_SOURCE DATA_:
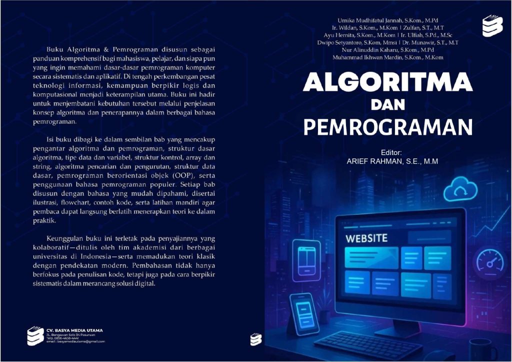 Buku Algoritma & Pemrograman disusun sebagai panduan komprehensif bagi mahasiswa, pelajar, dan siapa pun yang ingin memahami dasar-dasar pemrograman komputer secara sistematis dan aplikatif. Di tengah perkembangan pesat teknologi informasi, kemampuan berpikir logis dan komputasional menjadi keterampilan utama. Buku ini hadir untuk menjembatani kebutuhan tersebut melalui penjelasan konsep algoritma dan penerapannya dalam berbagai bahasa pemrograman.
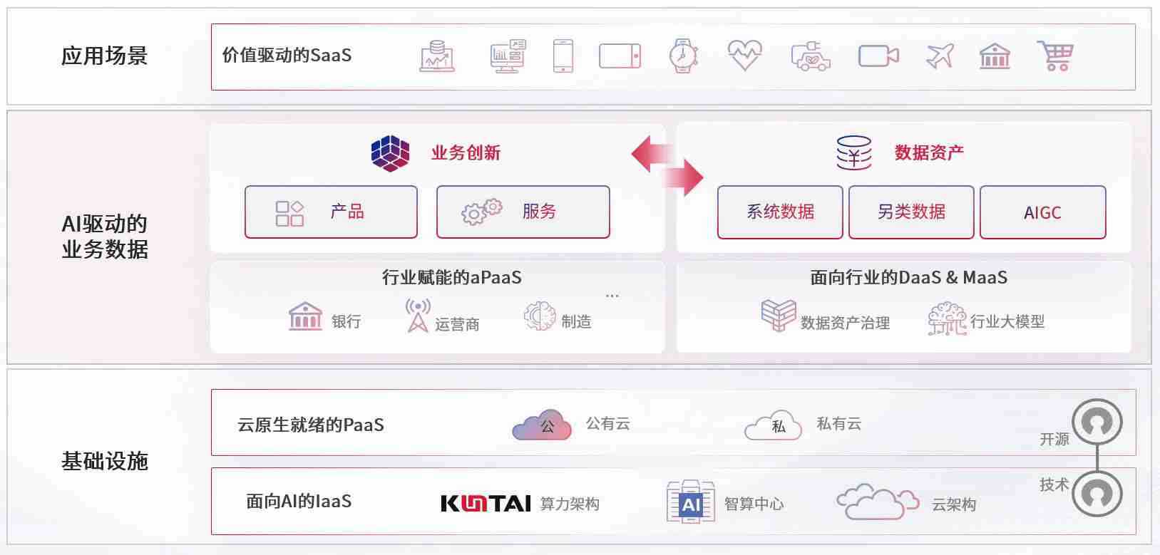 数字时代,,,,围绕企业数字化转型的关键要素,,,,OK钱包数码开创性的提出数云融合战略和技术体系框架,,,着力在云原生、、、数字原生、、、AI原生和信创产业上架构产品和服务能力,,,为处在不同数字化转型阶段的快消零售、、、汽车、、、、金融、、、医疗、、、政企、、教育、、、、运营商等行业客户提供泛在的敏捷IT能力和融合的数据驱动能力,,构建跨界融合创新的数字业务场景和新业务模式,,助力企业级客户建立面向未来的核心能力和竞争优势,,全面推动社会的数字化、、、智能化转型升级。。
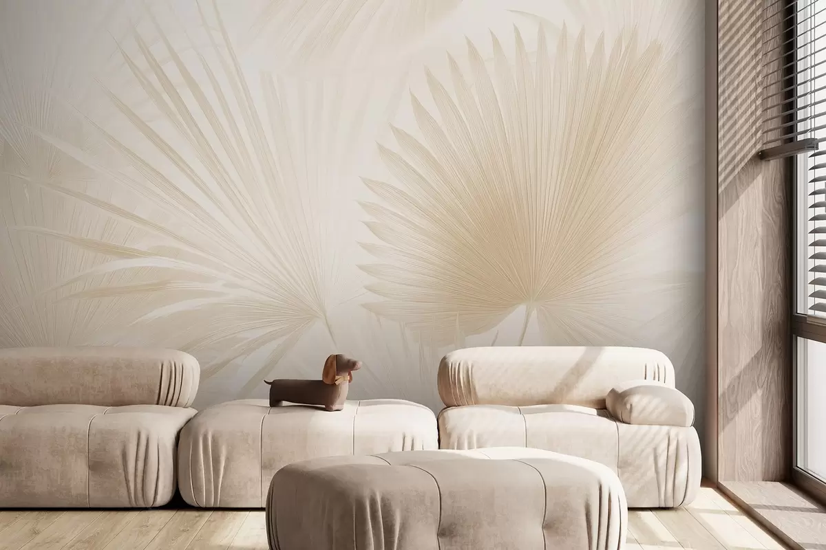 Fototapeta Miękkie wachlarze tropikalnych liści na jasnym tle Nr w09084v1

==

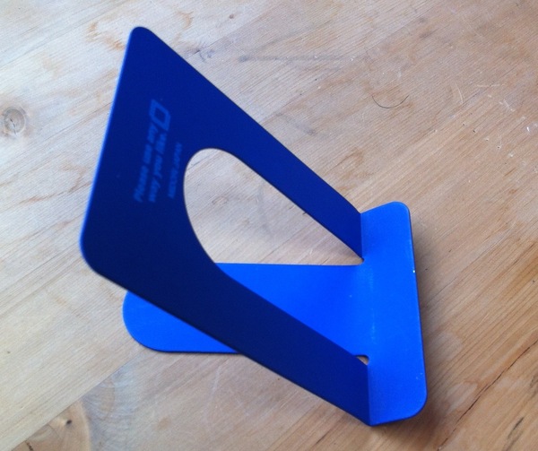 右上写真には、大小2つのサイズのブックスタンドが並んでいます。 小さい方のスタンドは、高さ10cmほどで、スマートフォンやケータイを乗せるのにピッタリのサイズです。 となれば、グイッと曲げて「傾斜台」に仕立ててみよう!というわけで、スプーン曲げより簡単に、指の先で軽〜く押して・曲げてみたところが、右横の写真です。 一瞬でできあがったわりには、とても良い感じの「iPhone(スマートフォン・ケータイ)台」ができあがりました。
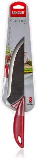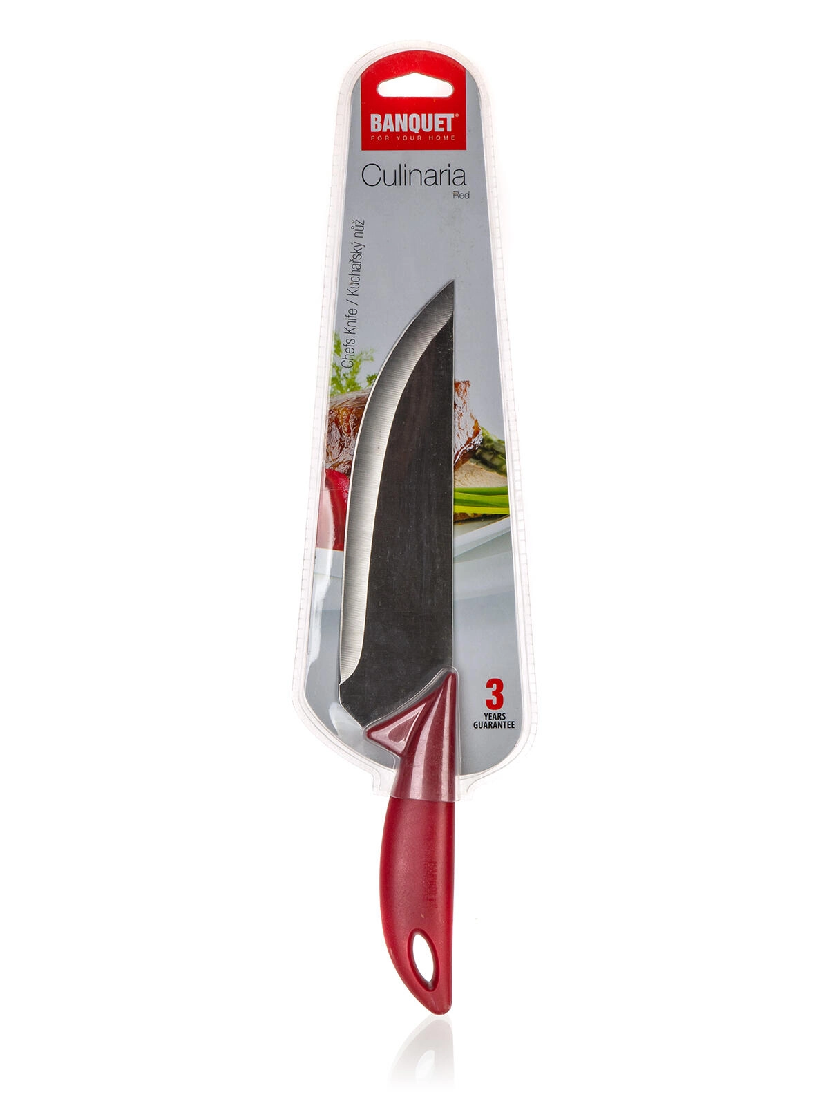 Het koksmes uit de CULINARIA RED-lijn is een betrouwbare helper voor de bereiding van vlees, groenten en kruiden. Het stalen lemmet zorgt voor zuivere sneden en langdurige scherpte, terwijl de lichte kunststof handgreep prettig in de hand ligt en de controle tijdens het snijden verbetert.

---

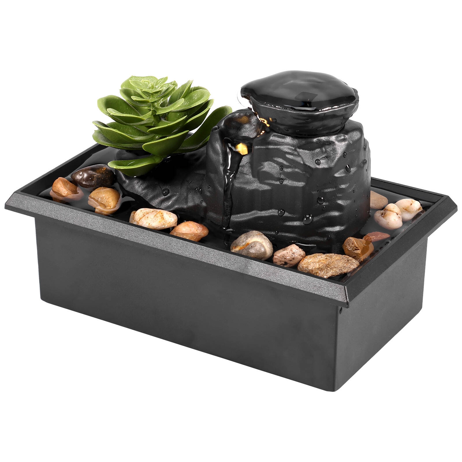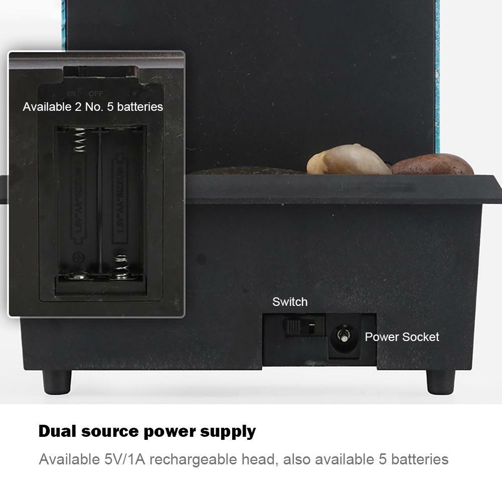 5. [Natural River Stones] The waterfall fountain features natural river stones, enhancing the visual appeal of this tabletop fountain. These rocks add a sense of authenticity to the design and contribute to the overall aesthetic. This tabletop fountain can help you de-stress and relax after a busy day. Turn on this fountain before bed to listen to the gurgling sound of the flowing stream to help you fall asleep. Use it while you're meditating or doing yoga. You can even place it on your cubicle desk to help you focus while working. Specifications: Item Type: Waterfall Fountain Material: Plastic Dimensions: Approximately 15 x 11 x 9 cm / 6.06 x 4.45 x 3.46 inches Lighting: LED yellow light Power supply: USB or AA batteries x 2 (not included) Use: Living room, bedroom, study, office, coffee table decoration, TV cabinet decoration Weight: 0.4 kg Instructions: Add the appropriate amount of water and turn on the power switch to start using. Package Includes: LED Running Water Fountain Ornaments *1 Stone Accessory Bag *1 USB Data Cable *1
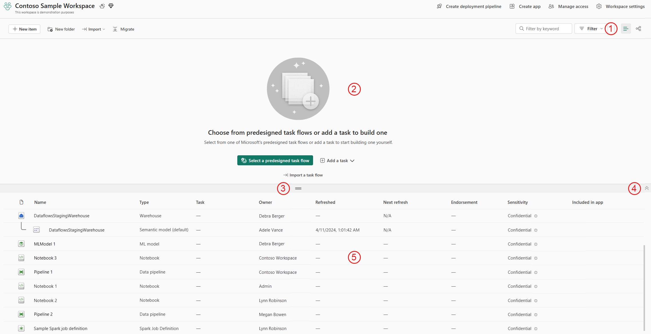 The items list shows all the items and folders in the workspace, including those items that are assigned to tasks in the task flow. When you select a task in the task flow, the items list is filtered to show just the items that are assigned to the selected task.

_TO DO_:
I would like the exact lines from the data above, starting with the one that holds "5. [Natural River" and going on through the one that holds "The items list shows", without the pictures.

_ANSWER TO THIS EXERCISE_:
 5. [Natural River Stones] The waterfall fountain features natural river stones, enhancing the visual appeal of this tabletop fountain. These rocks add a sense of authenticity to the design and contribute to the overall aesthetic. This tabletop fountain can help you de-stress and relax after a busy day. Turn on this fountain before bed to listen to the gurgling sound of the flowing stream to help you fall asleep. Use it while you're meditating or doing yoga. You can even place it on your cubicle desk to help you focus while working. Specifications: Item Type: Waterfall Fountain Material: Plastic Dimensions: Approximately 15 x 11 x 9 cm / 6.06 x 4.45 x 3.46 inches Lighting: LED yellow light Power supply: USB or AA batteries x 2 (not included) Use: Living room, bedroom, study, office, coffee table decoration, TV cabinet decoration Weight: 0.4 kg Instructions: Add the appropriate amount of water and turn on the power switch to start using. Package Includes: LED Running Water Fountain Ornaments *1 Stone Accessory Bag *1 USB Data Cable *1
 The items list shows all the items and folders in the workspace, including those items that are assigned to tasks in the task flow. When you select a task in the task flow, the items list is filtered to show just the items that are assigned to the selected task.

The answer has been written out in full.